#### [TASK PROMPT]
Give the entries again exactly as they appear, but without the images.

Data entries

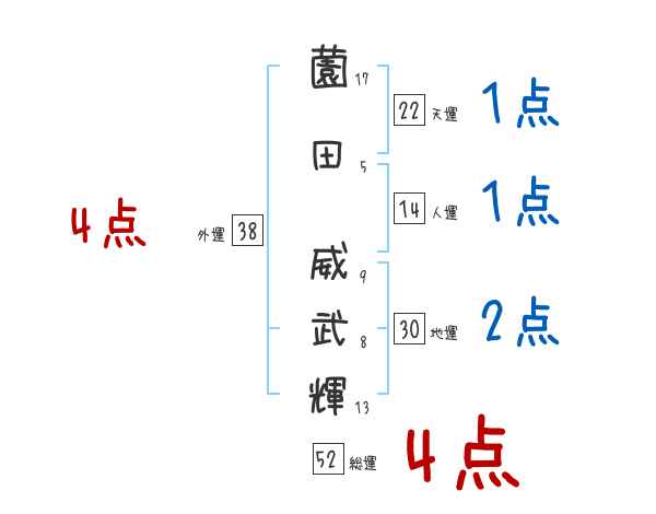 | 外運  | 薗田威武輝さんの外運は38画の4つ星!温厚な性格で技術的な才能を発揮する。職人的な仕事に向いている。生活面を象徴する運勢です。外部から受ける影響力を表し、結婚運、家庭運や職場、環境への順応性を表します。 |
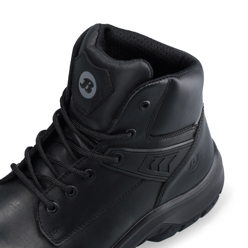 De Enduro PWR412 is een hoog model veiligheidsschoen met Walkline® technologie, en geavanceerde technologieën zoals Easy Rolling®, Heel Lock System® en Tunnel system®, die allemaal helpen de natuurlijke positie van de voet te ondersteunen. De PWR412 valt in de S3 veiligheidscategorie en heeft een aluminium neus, een stalen penetratiebestendige inzet en een PU-slijtvaste neus en is voorzien van een ladder grip. De zool is gemaakt van PU- en rubbermateriaal, waardoor de schoen bestand is tegen extreme hitte en brandstofolie. Het bovenwerk van de schoen is gemaakt van hoogwaardig volnerf zwart leer. De voering is gemaakt van textiel en beschikt over Bata Cool Comfort® technologie voor comfort en frisheid. Loopzool TriTech plus – rubber zool Neus: Aluminium Tussenzool: Staal Voering: Bata Cool comfort Schacht: Volnerf leer Met PU kruipneus alternatief / vervanger voor PWR312 Dit is een model uit de Enduro collectie
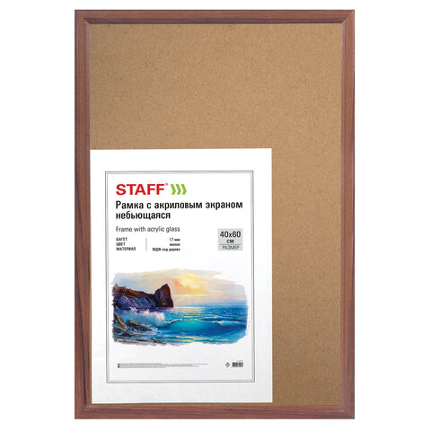 Рамка НЕБЬЮЩАЯСЯ 40х60 см, МДФ под дерево, багет 17 мм, мокко, акриловый экран, STAFF "Carven"
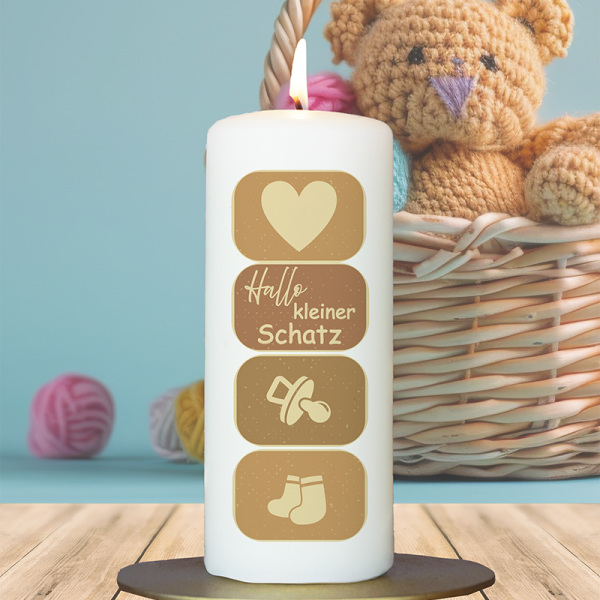 Diese liebevoll gestaltete Kerze ist ein fröhlicher Willkommensgruß für das neue Familienmitglied. Im Mittelpunkt steht ein kleines, niedlich gezeichnetes Äffchen, das mit seinem verspielten Blick und seinem aufgeweckten Wesen Lebensfreude und Herzlichkeit ausstrahlt. Die darüber stehende Überschrift „Willkommen in der Familie“, liebevoll mit kleinen Herzchen geschmückt, symbolisiert die Freude und Wärme, die ein neugeborenes Kind ins Leben bringt. Die kindgerechte Gestaltung in weichen Farben macht diese Kerze zu einem besonderen Geschenk zur Geburt oder zu einem wertvollen Erinnerungsstück an diesen einzigartigen Moment. Ein liebevolles Licht für den Beginn eines großen Abenteuers.
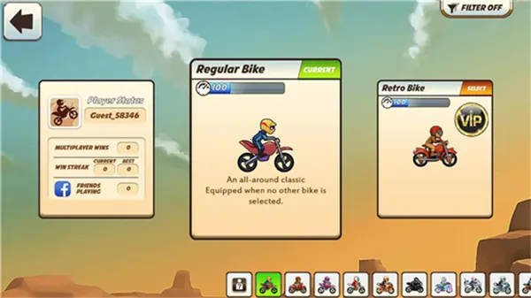 想在摩托车表演赛里畅享无金币限制的体验?这款游戏超合适!它是一款超刺激的横版摩托车赛车闯关游戏。你能驾驶摩托在荒原、冰川、沙漠、绿洲等多样赛道场景中闯关。操作上,用重力感应结合触屏按钮,倾斜手机就能调整摩托姿态,操控感超棒。
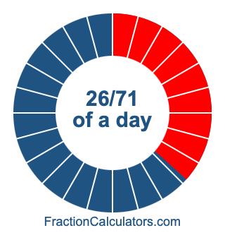 Here we will show you how to calculate exactly how many hours, minutes, and seconds there are in 26/71 of a day. We will also illustrate what 26/71 of a day looks like on a pie chart.
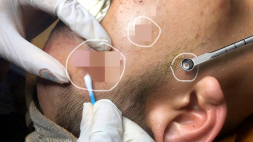 Крупная россыпь воспалённых ГНОЙНИКОВ стреляет фонтаном из виска
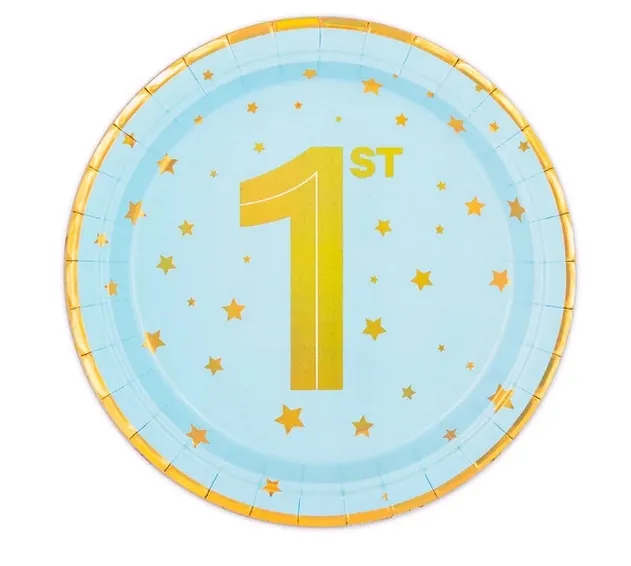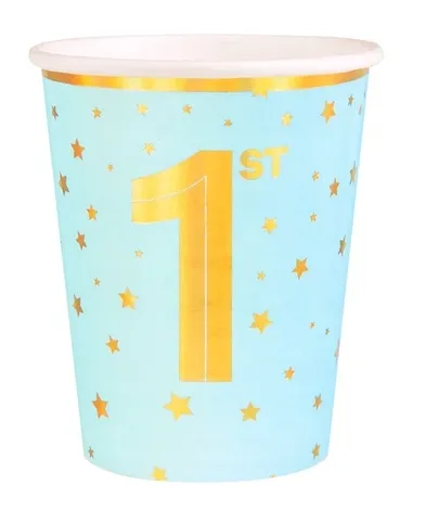 KUBECZKI PAPIEROWE URODZINOWE Roczek niebieskie złote 6szt
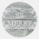 Um selo adesivo chic e na moda de Natal com fundo de cinza de madeira.As focas rústicas têm as palavras BE FELIZ com uma armação branca florescente.
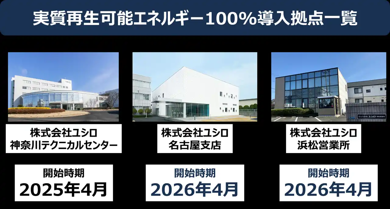株式会社ユシロ(本社:東京都大田区、代表取締役社長:有坂昌規、以下、ユシロ)は、2026年4月から当社の名古屋支店および浜松営業所において、エネルギー・住まい・暮らしの総合サービス事業を提供するシナネンホールディングス株式会社(本社:東京都品川区、代表取締役 社長執行役員:中込 太郎)の子会社で、エネルギーソリューションを提供するシナネン株式会社(本社:東京都品川区、代表取締役社長:中川 進弘)が供給する実質再生可能エネルギー比率100%の電力の使用を開始いたします。 |
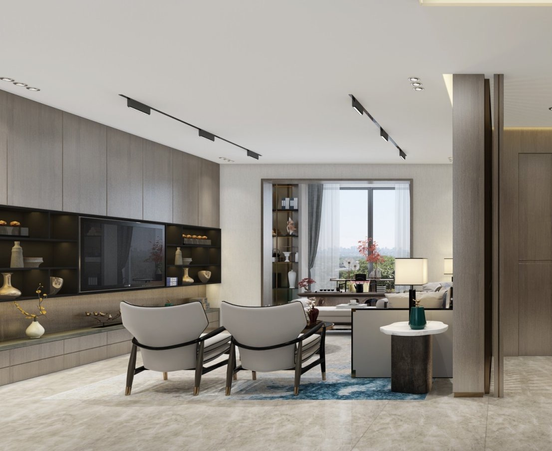 本案采用新中式轻奢设计手法来呈现,对原始户型进行了局部的调整以来更加优化功能分区。整体色彩采用中性咖灰色系。材质采用复合石材及不免硬包、木饰面、天然石材、不锈钢、乳胶漆等为主要材料。厨房利用隐藏式移门来满足日常生活的各种场景。再设计和灯光以及质感为中心理念,围绕宜居,舒适的生活环境为主导思想,从而呈现出业主满意并且具备观赏性及品位的居住空间
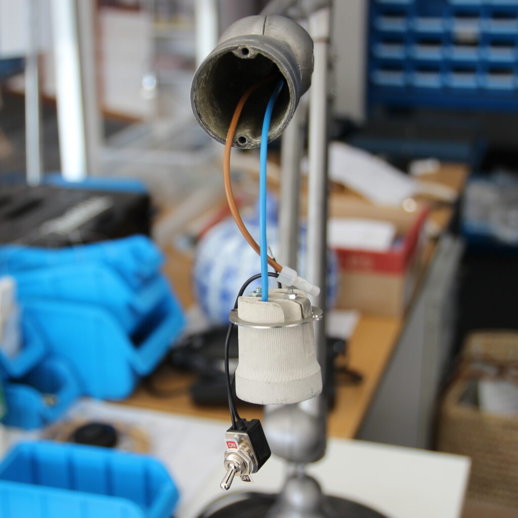 Für die sichere Instandsetzung wurde die Lampe komplett neu verkabelt.

#### [ANSWER SECTION]
 | 外運  | 薗田威武輝さんの外運は38画の4つ星!温厚な性格で技術的な才能を発揮する。職人的な仕事に向いている。生活面を象徴する運勢です。外部から受ける影響力を表し、結婚運、家庭運や職場、環境への順応性を表します。 |
 De Enduro PWR412 is een hoog model veiligheidsschoen met Walkline® technologie, en geavanceerde technologieën zoals Easy Rolling®, Heel Lock System® en Tunnel system®, die allemaal helpen de natuurlijke positie van de voet te ondersteunen. De PWR412 valt in de S3 veiligheidscategorie en heeft een aluminium neus, een stalen penetratiebestendige inzet en een PU-slijtvaste neus en is voorzien van een ladder grip. De zool is gemaakt van PU- en rubbermateriaal, waardoor de schoen bestand is tegen extreme hitte en brandstofolie. Het bovenwerk van de schoen is gemaakt van hoogwaardig volnerf zwart leer. De voering is gemaakt van textiel en beschikt over Bata Cool Comfort® technologie voor comfort en frisheid. Loopzool TriTech plus – rubber zool Neus: Aluminium Tussenzool: Staal Voering: Bata Cool comfort Schacht: Volnerf leer Met PU kruipneus alternatief / vervanger voor PWR312 Dit is een model uit de Enduro collectie
 Рамка НЕБЬЮЩАЯСЯ 40х60 см, МДФ под дерево, багет 17 мм, мокко, акриловый экран, STAFF "Carven"
 Diese liebevoll gestaltete Kerze ist ein fröhlicher Willkommensgruß für das neue Familienmitglied. Im Mittelpunkt steht ein kleines, niedlich gezeichnetes Äffchen, das mit seinem verspielten Blick und seinem aufgeweckten Wesen Lebensfreude und Herzlichkeit ausstrahlt. Die darüber stehende Überschrift „Willkommen in der Familie“, liebevoll mit kleinen Herzchen geschmückt, symbolisiert die Freude und Wärme, die ein neugeborenes Kind ins Leben bringt. Die kindgerechte Gestaltung in weichen Farben macht diese Kerze zu einem besonderen Geschenk zur Geburt oder zu einem wertvollen Erinnerungsstück an diesen einzigartigen Moment. Ein liebevolles Licht für den Beginn eines großen Abenteuers.
 想在摩托车表演赛里畅享无金币限制的体验?这款游戏超合适!它是一款超刺激的横版摩托车赛车闯关游戏。你能驾驶摩托在荒原、冰川、沙漠、绿洲等多样赛道场景中闯关。操作上,用重力感应结合触屏按钮,倾斜手机就能调整摩托姿态,操控感超棒。
 Here we will show you how to calculate exactly how many hours, minutes, and seconds there are in 26/71 of a day. We will also illustrate what 26/71 of a day looks like on a pie chart.
 Крупная россыпь воспалённых ГНОЙНИКОВ стреляет фонтаном из виска
 KUBECZKI PAPIEROWE URODZINOWE Roczek niebieskie złote 6szt
 Um selo adesivo chic e na moda de Natal com fundo de cinza de madeira.As focas rústicas têm as palavras BE FELIZ com uma armação branca florescente.
株式会社ユシロ(本社:東京都大田区、代表取締役社長:有坂昌規、以下、ユシロ)は、2026年4月から当社の名古屋支店および浜松営業所において、エネルギー・住まい・暮らしの総合サービス事業を提供するシナネンホールディングス株式会社(本社:東京都品川区、代表取締役 社長執行役員:中込 太郎)の子会社で、エネルギーソリューションを提供するシナネン株式会社(本社:東京都品川区、代表取締役社長:中川 進弘)が供給する実質再生可能エネルギー比率100%の電力の使用を開始いたします。 |
 本案采用新中式轻奢设计手法来呈现,对原始户型进行了局部的调整以来更加优化功能分区。整体色彩采用中性咖灰色系。材质采用复合石材及不免硬包、木饰面、天然石材、不锈钢、乳胶漆等为主要材料。厨房利用隐藏式移门来满足日常生活的各种场景。再设计和灯光以及质感为中心理念,围绕宜居,舒适的生活环境为主导思想,从而呈现出业主满意并且具备观赏性及品位的居住空间
 Für die sichere Instandsetzung wurde die Lampe komplett neu verkabelt.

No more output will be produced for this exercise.